In 2012, TV journalist Ben Anderson was embedded with a British unit. Back home, he got a translator to transcribe conversations he had filmed, conducted through interpreters. These revealed that much of the language reported by the latter to the soldiers was false, softened to mask the rudenesses of the Afghan original. There was little authentic intercourse.
Atrocities have taken place, which attracted little attention back in our own countries but rendered more difficult a relationship of trust. Some members of US, British and Australian special forces have engaged in deplorable and indeed murderous treatment of local people, for which retributive justice has proved elusive. I do not mean to detract from the courage and skills of most special forces personnel, who do fine things. Memories of the murderous ones, however, linger longer in Afghan and Iraq minds than do the heroes. It is hard to cure some Western warriors of the mindset — which of course prevailed toward so-called “gooks” in Vietnam — that “what’s one towelhead the less?”.
You cannot kill your way out of an insurgency, even if some killing must play a part in achieving an acceptable outcome. Sensible strategy demands the elimination of a minority of irreconcilable enemies, but also the persuasion of a majority that they will gain more by talking than fighting.
Most Westerners deployed in Afghanistan have served tours of duty too short for them to understand either the place or the people. US soldiers complete a year, but the British have run six-month rotations.
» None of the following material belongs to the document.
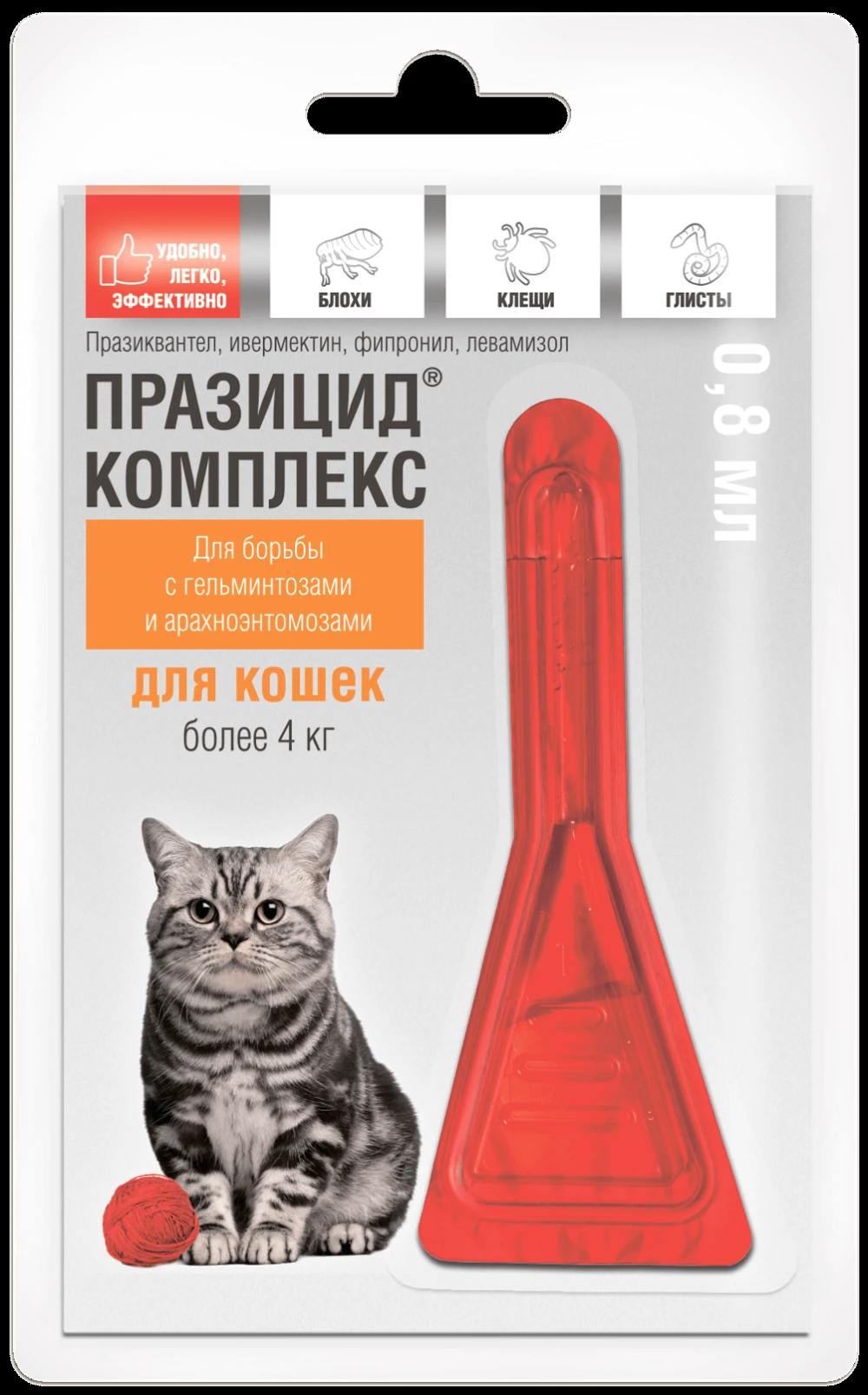 Празиквантел — 102 мг/мл, ивермектин — 24 мг/мл, левамизол — 25 мг/мл, тиаметоксам — 35 мг/мл, фипронил — 100 мг/мл вспомогательные вещества до 1 мл.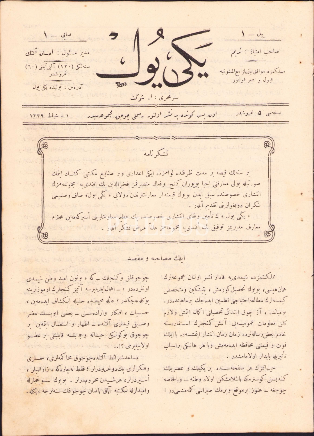 Osmanlıca Yeni Yol - resimli çocuk mecmuası, Sayı: 1, muharriri A. Şevket, 1 Şubat 1339, 17 sayfa, 19x26 cm

Their units have thus spent the first two months in-country learning their business; the last month, packing up.
Such a policy may have been necessary to sustain the morale of young troops, to whom a year overseas can seem an eternity. But contrast that with the policy of European imperial forces stationed abroad in the 19th century, or even of Americans in the 20th century Philippines: Their generations expected to spend half their careers in overseas postings, and to become imbued with local cultures and languages.
A subsidiary problem is the weakness of grass-roots “humint” — human intelligence about local conditions. At its higher levels, Western intelligence can be formidably empowering, especially in exploiting electronic interception.
Well-intentioned Westerners are often mystified by how Afghans and others can bring themselves to spurn the security, prosperity, women’s advancement, education and health care that the incomers offer. Yet success can only be achieved by convincing the population that their government and its representatives are identified with themselves, and not with foreigners in Washington or London. To reassert the Vietnam comparison: The Taliban are close to victory because they are Afghans, whereas the present Kabul government is identified with the US and its allies.
Yet if Washington and its allies displayed the will to keep a very modest stake on the table in Afghanistan — small numbers of troops and quite large amounts of cash—they might not win a “victory,” but they could probably frustrate a Taliban triumph that otherwise seems almost inevitable. It would be naive to anticipate that the Taliban will respect the terms of its February 2020 agreement with the US not to allow Afghanistan to become again a base for international terror.
Maybe the war was always unwinnable. Maybe the US president is merely displaying a realism that his predecessors lacked. But it is depressing to acknowledge before the eyes of the world that the 47,000 civilians who have perished since 2007 died for nothing, not to mention the Afghan, US, British and other foreign troops who have lost their lives. If we cannot teach ourselves to intervene abroad with more skill, sensitivity and conviction than we have displayed in Afghanistan, we had better stay home.